When the door had closed behind him, Becker said, “They don’t come any better than Bobby Terwillen. I never realized that until just lately.” With Augie gone, he really needed to have someone to think ôf as best friend.
13
All of the jurors, male and female, were ready to exonerate Orrie in the matter of the death of Esther, for no boy who looked like him, waited tables in a college dining room, had been an honor student in high school, and had recently lost his father could possibly have killed his mother except in a second tragic accident.
But unanimity had not been reached as to the death of Erie Mencken. Two men balked at finding a lad of draft age, old enough to be tried as an adult, entirely guiltless in the killing of the male victim.

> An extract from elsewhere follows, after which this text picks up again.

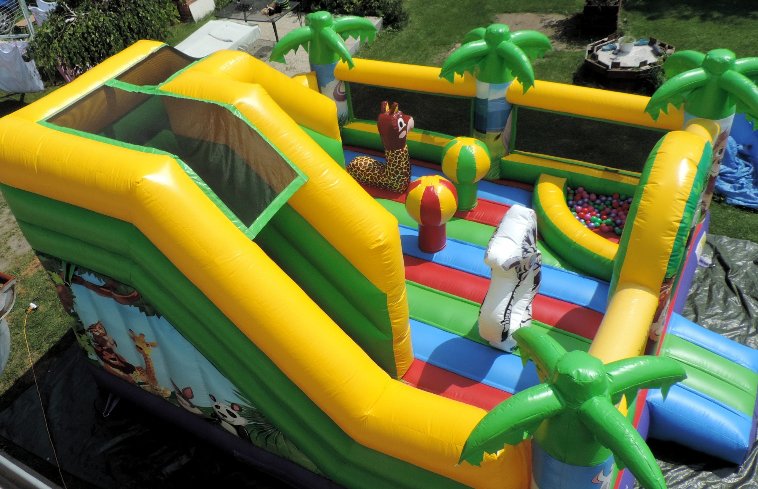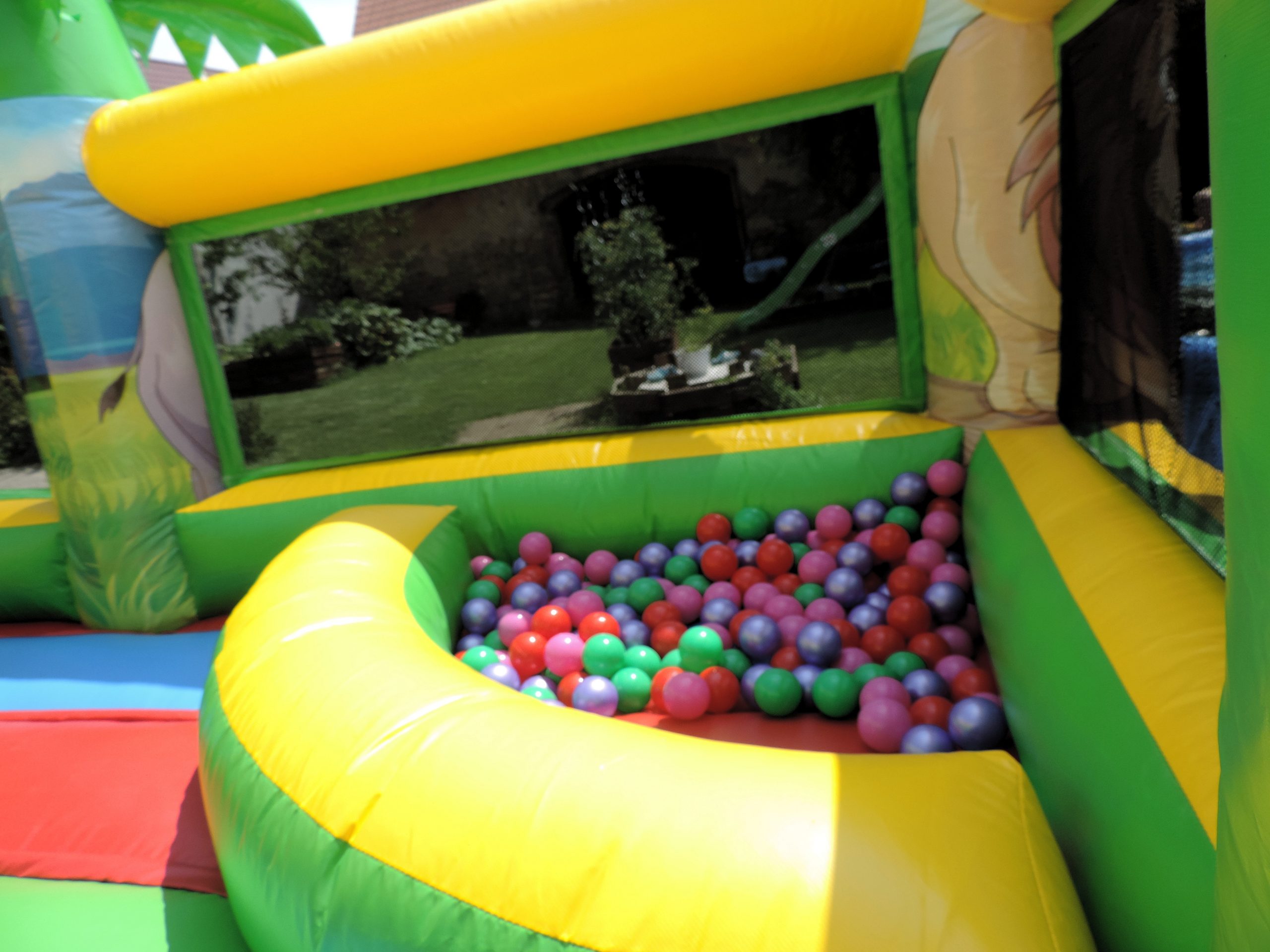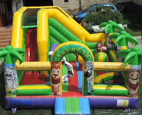 Skákací hrad se skluzavkou, bazénkem s míčky, lezeckou stěnou a dalšími herními prvky.

“All right,” said Harry Warnicke, after a discussion of some length, “at the very least, his judgment is terrible, or his eyes are bad, or something. He shoots down somebody he’s known all his life because he doesn’t recognize him?”
“It could happen,” insisted Grace Cudahy. “Come on, you know it could. That’s what I hate about guns. It’s the unloaded ones that always kill people.”
No one challenged her on the irrationality of the statement. She was a housewife and mother, and like the other women on the panel could, have got excused from jury duty for the simple reason that she was female, but in fact had eagerly accepted the summons, assuming it would exempt her from some household chores for the duration of her service. But as it turned out, her teenagers proved to be absolute shirkers and she had to do all the usual work when she got home late each afternoon.
Warnicke was a salesman of wholesale paper products. As most of his income came from commissions, he was losing money every minute he spent in court, so was making his moral point at some material cost. “What I’m saying is, suppose it was completely by accident: can we send this kid out to maybe do it again, next time he wakes up from a nap and hears some funny noises?”
Frank L. Perkins was the other holdout, and his argument was sterner than Warnicke’s. He had flatly announced as at least a possibility that Orrie had killed Erie by intention.
Margaret Rayburn, an unmarried schoolteacher in early middle age, said angrily, “Then you go out and tell Mr. Furie he should have made th
e indictment first-degree.”
Perkins was thirty-two years old and a bank teller. He had fair hair and a somewhat darker mustache. “Isn’t there something here that wasn’t brought out in the trial? First place, his father died under circumstances I’d call suspicious. Then, don’t you think it’s more than possible something was going on between Esther and Erie? You know what I mean: I don’t have to spell it out.”
Miss Rayburn was about to reply, but Ralph Ames, the foreman, said quickly, “The judge told us we really shouldn’t consider anything that wasn’t brought up in court, and that wasn’t.”
“Both sides seemed to be avoiding it,” said Perkins, “though it seemed like something anybody would think of immediately. And all these violent deaths in the same house, within a few days of each other? Isn’t it just common sense to at least consider the possibility they were related?”
Ames chuckled. He was a plump man in a drab gray suit, but with a very bright tie. “Hell, our business here ain’t common sense, Frank. It’s the law. The judge made that clear enough.”
Some of them snickered, but Margaret Rayburn said angrily, “Hasn’t the poor boy suffered enough by now? That’s what matters here, so far as I can see.”
Perkins squinted at her. “I guess I feel sorry for the boy too, but we can’t just let everything be ruled by sympathy. There is such a thing as truth, and sometimes it’s unpleasant, maybe even unfair, lousy, wrong, but it’s still the truth. Both sides went to the trouble of picking us —”
“And you, like the rest of us,” said Miss Rayburn, “swore you started with an open mind.”